So, come next Sunday, my lovely wife and I will be heading over to a neighbourhood friend’s place to try out a group ritual with a couple of other gals whom our friend knows.
It’s, supposedly, the beginning of a year of ritually circling together every six weeks or so (yes, following the Wiccan Year Wheel), and we’ll just see how that goes.
This is the trick with me. I dread the Unknown. (What the hell am I doing here again??) And, right about now, my control-freak nature is starting to rear its ugly head. Will my wife think that Reclaiming-type rituals are Capital-S Stupid? (Unlikley). Will working on-the-fly result in poorly held-together rituals that lack flow and arc and feel scattered? (Er… in my experience of group rituatls? Yeah. :-\) Will I feel weird and nervous about things that could come up (like womb-centrism) due to not knowing some of the other group-participants? (Yes – already feeling weird and nervous about that. Although our friend is not stupid, and I think she would aim to avoid such a thing, so I’m probably worried about nothing).
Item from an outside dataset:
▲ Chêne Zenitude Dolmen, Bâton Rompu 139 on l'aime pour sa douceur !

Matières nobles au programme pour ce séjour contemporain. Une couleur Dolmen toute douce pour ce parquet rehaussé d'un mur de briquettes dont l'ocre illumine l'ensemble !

This… collection of minor anxieties is one of the main reasons, when taken together, that I tend to aim towards solitary practice. HOWEVER I have been missing group ritual, and so I’m fairly eager to try this group where everyone involved is crafty and creative and a queer-femme-chick and fairly lefty.
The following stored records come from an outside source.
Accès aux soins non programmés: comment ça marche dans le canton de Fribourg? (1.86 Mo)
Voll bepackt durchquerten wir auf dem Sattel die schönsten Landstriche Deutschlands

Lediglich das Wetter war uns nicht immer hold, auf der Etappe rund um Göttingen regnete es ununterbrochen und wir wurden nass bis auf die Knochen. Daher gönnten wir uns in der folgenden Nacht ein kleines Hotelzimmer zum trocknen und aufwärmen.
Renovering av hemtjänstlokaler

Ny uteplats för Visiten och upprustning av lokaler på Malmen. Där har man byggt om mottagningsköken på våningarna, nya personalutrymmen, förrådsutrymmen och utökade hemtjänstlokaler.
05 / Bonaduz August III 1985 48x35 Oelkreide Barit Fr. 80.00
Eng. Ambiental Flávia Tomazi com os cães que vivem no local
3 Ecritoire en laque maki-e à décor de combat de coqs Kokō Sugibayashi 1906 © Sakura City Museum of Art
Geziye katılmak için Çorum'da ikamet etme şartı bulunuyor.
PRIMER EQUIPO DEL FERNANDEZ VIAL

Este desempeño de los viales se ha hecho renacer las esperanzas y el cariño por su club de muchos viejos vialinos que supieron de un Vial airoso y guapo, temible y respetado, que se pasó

As such, I’m trying to quell my fears and build up my bravery a little. (It’s possible that, rather than building up my bravery, I should really just build up my Mellow and Gregarious, which will probably help a lot more. Something to think about).
I’ve sent a note to the other participants, hoping to get us all thinking about (and sharing ideas about) the impending ritual and, with any luck, we’ll get a bit of an egregore going – or at least be thinking vaguely in the same directions – by the time we actually get together.
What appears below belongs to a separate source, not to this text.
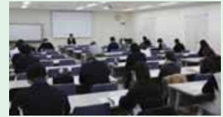
令和7年1月14日：和歌山ビッグ愛
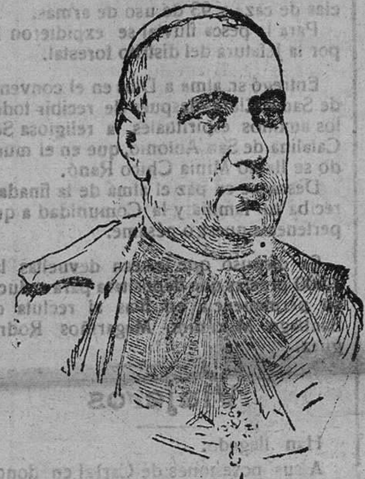
El cardenal Almaraz y Santos, primado de España, que con gran pompa ha hecho su entrada, el domingo último en Toledo.

I expect it to takea little while for us to gel, and I’m hesitant to bind myself to a couple of gals I’ve never met before. At the same time, Imbolg has ties to sheep and new beginnings, and a ritual centered around group cohesion – possibly through a gentle and very specific (maybe even symbolic?) binding using scraps of yarn that we all brought and tied together (and then maybe(?) knitted into an altar-place-mat for future use?) might be an appropriate thing to do.